GOERNER: N.J. a tale of too many towns

GOERNER: N.J. a tale of too many towns

GOERNER: N.J. a tale of too many towns

Chad Goerner Published 6:41 p.m. ET Sept. 15, 2017 | Updated 6:46 p.m. ET Sept. 15, 2017

New Jersey could learn a lot from New York. Both states suffer from costly layers of local governments and school districts — a major contributor to high property taxes — yet their approach to solving it could not be more different.

A recent Monmouth University poll showed that property taxes are the first concern for the majority of New Jerseyans, but neither of the major party gubernatorial candidates has a clear plan, or the courage, to offer a viable solution to the problem.

New Jersey’s next governor needs to tackle this issue head-on to make any marked difference in reducing property taxes. Meanwhile, New York has been quietly leading the way on reducing the number of local governments and encouraging more regionalized sharing of police and emergency services — two key areas that contribute to higher property taxes. Consolidation and service regionalization not only save money, they allow for more effective and efficient planning (also a long-term money saver), and improve emergency response in times of crisis.
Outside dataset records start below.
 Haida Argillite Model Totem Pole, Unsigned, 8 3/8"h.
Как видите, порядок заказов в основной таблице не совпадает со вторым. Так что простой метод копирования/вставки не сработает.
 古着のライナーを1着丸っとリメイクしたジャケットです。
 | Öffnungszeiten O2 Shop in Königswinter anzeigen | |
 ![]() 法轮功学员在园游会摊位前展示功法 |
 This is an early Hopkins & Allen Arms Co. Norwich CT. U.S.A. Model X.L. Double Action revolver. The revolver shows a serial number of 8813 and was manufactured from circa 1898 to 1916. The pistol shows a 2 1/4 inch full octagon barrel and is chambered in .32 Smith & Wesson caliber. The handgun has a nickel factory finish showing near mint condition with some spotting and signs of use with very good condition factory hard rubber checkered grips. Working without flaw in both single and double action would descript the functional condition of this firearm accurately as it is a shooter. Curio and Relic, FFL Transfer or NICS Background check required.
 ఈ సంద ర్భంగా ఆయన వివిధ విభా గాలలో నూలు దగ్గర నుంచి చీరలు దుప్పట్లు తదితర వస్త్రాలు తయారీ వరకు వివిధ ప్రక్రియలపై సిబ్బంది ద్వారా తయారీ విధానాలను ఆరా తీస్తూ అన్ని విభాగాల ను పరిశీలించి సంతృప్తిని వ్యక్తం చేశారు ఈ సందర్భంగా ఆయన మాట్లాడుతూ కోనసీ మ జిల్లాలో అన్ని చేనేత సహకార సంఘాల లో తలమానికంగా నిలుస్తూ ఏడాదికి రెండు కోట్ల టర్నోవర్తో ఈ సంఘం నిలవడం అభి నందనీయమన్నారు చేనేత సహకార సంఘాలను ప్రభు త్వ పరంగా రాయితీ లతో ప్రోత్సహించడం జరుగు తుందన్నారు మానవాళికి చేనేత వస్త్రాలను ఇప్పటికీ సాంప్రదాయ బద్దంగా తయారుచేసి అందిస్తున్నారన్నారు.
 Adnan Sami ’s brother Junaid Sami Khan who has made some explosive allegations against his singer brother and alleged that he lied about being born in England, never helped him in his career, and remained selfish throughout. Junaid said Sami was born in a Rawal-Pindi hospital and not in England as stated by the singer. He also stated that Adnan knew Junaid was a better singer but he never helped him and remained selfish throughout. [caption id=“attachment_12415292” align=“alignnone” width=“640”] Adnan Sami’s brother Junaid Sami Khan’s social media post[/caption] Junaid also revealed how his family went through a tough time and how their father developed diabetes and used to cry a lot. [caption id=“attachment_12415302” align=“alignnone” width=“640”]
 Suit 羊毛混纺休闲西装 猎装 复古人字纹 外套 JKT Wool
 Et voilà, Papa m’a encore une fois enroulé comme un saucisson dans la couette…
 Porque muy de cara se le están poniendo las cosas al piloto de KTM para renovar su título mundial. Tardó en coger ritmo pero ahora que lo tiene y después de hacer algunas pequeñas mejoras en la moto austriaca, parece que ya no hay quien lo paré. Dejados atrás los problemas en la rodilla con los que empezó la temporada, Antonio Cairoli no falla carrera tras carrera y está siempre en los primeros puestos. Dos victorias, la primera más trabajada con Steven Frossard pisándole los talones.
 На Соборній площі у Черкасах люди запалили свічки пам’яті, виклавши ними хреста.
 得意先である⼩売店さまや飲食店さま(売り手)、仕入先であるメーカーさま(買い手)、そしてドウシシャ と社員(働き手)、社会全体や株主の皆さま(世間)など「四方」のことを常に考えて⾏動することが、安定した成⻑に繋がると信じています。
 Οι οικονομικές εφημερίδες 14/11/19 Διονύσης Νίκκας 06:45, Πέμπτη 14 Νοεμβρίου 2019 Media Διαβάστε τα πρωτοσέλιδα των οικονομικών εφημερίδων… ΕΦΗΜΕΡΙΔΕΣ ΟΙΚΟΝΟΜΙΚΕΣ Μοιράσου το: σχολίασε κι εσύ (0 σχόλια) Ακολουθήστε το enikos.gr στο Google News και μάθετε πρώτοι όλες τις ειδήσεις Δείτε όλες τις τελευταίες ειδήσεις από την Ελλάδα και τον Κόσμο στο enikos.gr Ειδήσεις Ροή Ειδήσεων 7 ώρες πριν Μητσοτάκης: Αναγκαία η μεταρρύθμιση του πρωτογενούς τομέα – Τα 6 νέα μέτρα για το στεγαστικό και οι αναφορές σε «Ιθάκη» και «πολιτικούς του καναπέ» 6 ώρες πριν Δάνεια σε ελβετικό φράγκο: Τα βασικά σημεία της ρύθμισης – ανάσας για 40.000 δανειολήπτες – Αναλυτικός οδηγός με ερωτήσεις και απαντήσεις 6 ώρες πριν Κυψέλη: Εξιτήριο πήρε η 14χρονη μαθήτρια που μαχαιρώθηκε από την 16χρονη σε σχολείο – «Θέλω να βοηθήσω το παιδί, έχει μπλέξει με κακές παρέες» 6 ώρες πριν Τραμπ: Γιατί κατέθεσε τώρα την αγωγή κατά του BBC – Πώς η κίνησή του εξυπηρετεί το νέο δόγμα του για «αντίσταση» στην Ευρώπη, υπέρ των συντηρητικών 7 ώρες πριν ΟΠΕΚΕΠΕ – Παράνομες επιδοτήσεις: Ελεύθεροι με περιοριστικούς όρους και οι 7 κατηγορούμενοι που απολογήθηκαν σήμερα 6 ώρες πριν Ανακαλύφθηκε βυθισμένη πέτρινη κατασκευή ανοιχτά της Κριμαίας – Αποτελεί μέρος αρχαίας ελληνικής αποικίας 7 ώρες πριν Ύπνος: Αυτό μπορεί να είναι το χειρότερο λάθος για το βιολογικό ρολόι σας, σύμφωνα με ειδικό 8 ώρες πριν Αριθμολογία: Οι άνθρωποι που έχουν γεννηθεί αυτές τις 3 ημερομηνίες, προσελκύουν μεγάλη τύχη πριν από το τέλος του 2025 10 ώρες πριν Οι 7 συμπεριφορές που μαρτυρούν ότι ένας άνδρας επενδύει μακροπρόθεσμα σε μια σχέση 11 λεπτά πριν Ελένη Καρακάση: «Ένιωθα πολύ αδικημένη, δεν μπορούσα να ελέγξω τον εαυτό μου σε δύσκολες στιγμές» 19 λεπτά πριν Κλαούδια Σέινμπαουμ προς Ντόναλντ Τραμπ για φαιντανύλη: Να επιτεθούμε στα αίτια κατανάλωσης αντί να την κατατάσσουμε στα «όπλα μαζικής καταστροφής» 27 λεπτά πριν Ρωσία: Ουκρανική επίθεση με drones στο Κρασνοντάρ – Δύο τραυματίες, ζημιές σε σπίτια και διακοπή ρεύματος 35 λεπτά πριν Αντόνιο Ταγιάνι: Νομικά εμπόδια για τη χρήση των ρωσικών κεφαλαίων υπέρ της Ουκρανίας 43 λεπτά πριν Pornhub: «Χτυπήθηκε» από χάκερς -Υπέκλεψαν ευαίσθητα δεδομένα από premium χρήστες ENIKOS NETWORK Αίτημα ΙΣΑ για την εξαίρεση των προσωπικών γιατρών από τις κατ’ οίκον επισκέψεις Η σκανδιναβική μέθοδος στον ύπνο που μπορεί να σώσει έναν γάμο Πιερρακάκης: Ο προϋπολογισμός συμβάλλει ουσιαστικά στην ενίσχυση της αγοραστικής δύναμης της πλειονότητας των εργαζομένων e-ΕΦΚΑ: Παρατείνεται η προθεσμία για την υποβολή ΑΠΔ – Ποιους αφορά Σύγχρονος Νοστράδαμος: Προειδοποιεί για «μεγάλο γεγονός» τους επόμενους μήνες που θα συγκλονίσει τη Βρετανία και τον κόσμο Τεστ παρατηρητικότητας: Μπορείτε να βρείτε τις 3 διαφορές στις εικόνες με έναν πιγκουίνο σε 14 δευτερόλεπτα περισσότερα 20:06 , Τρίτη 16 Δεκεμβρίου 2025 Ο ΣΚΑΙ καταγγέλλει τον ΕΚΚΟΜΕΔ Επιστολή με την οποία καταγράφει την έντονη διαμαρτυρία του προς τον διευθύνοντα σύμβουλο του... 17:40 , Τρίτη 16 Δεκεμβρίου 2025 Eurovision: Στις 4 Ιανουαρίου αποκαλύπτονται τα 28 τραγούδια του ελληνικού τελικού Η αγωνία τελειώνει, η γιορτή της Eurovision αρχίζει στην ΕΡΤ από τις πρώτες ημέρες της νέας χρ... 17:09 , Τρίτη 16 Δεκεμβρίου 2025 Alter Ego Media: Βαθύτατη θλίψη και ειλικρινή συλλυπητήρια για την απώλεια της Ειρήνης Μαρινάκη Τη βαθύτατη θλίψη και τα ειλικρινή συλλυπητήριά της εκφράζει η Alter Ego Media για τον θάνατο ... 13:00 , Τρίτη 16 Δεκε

New Jersey’s next governor can learn something from Gov. Andrew Cuomo’s leadership. Unfortunately for New Jersey taxpayers, Republican Kim Guadagno is trying to run from the large shadow of an unpopular Christie and has proposed a gimmicky “circuit-breaker” plan to reduce taxes with no real specifics on how to cut spending. The Democrat, Phil Murphy, has bought his way through the primary and now employs a rope-a-dope strategy to avoid any clear plan on reducing property taxes. His recent announcement included $1.3 billion in new tax increases without addressing any significant structural reforms to improve the state’s long-term financial stability. Guadagno’s struggle to be anything-but-Christie and Murphy’s take-no-stand approach has left New Jersey residents without a major party candidate addressing the issue of home rule — a leading contributor to our highest-in-the-nation property taxes.

In 2016, I was invited to give the keynote speech at the New York Division of Local Government Services Innovation conference because when I was mayor, we consolidated the first large towns in New Jersey in over a century: Princeton Borough and Princeton Township. We saved over $3 million annually and offered better, more streamlined services to our residents as a result. New York state took notice and asked us to come up and talk about our success. It has taken a proactive role in encouraging local governments to consolidate or share services by providing technical assistance and significant financial incentives.

From the Local Government Efficiency Grant program to the $25 million Municipal Restructuring Fund, New York has added significant financial backing to encourage more service sharing, police regionalization and municipal mergers.

Even the county of Onondaga and the town of Syracuse have looked at merging, producing a consolidation report earlier this year. When a local TV affiliate came down from Syracuse to interview us in Princeton several months ago about our success, it was clear New York is committed to addressing its structural ills — ills that continue to plague our state.

In New Jersey, consolidation and service regionalization are taboo. Notwithstanding a Legislature and governor who have addressed the issue with nothing more than lip service and limp handshakes, we have two towns that have formed a citizens’ consolidation commission and are struggling to get a paltry $7,500 from the state to fund their financial analysis and feasibility study, Mount Arlington and Roxbury. These two towns have a chance to save even more than the Princetons because they would be consolidating school districts as well. But the state has been absent.

With the Mount Arlington-Roxbury request for financial assistance languishing on a desk somewhere in Trenton, the only state assistance is from the short-staffed Department of Community Affairs, which has limited firepower, to say the least. The major parties in New Jersey should take note and use New York’s proactive approach to addressing the problem of home rule as a guide.

CourageToConnect New Jersey, a nonprofit, nonpartisan organization that exists to further consolidation and shared services has just announced that it will step in and make the grant to Roxbury and Mount Arlington so that they can continue their work. The organization’s director, Gina Genovese, has decided to run for governor as an independent to force action on the issue of reducing the number of local governments and school districts to lower property taxes in New Jersey.

MORE: Genovese: Consolidation can ease property tax burden

New York’s leadership on this issue should be a call to action for New Jersey’s state government. Genovese, a former mayor, has seen our state’s struggles up close in her fight for more efficient government and has embraced Cuomo’s approach to the issue. While the major party candidates dither, duck and dodge the hard choices to bring property taxes down, Genovese’s candidacy offers a clear path to lowering the costs of government in New Jersey.

Chad Goerner is a former Mayor of Princeton Township and the architect of Princeton’s successful consolidation in 2011. He is the author of “A Tale of Two Tigers – Princeton’s Historic Consolidaton” that details the history behind the successful effort. He is also on the board of CourageToConnectNJ.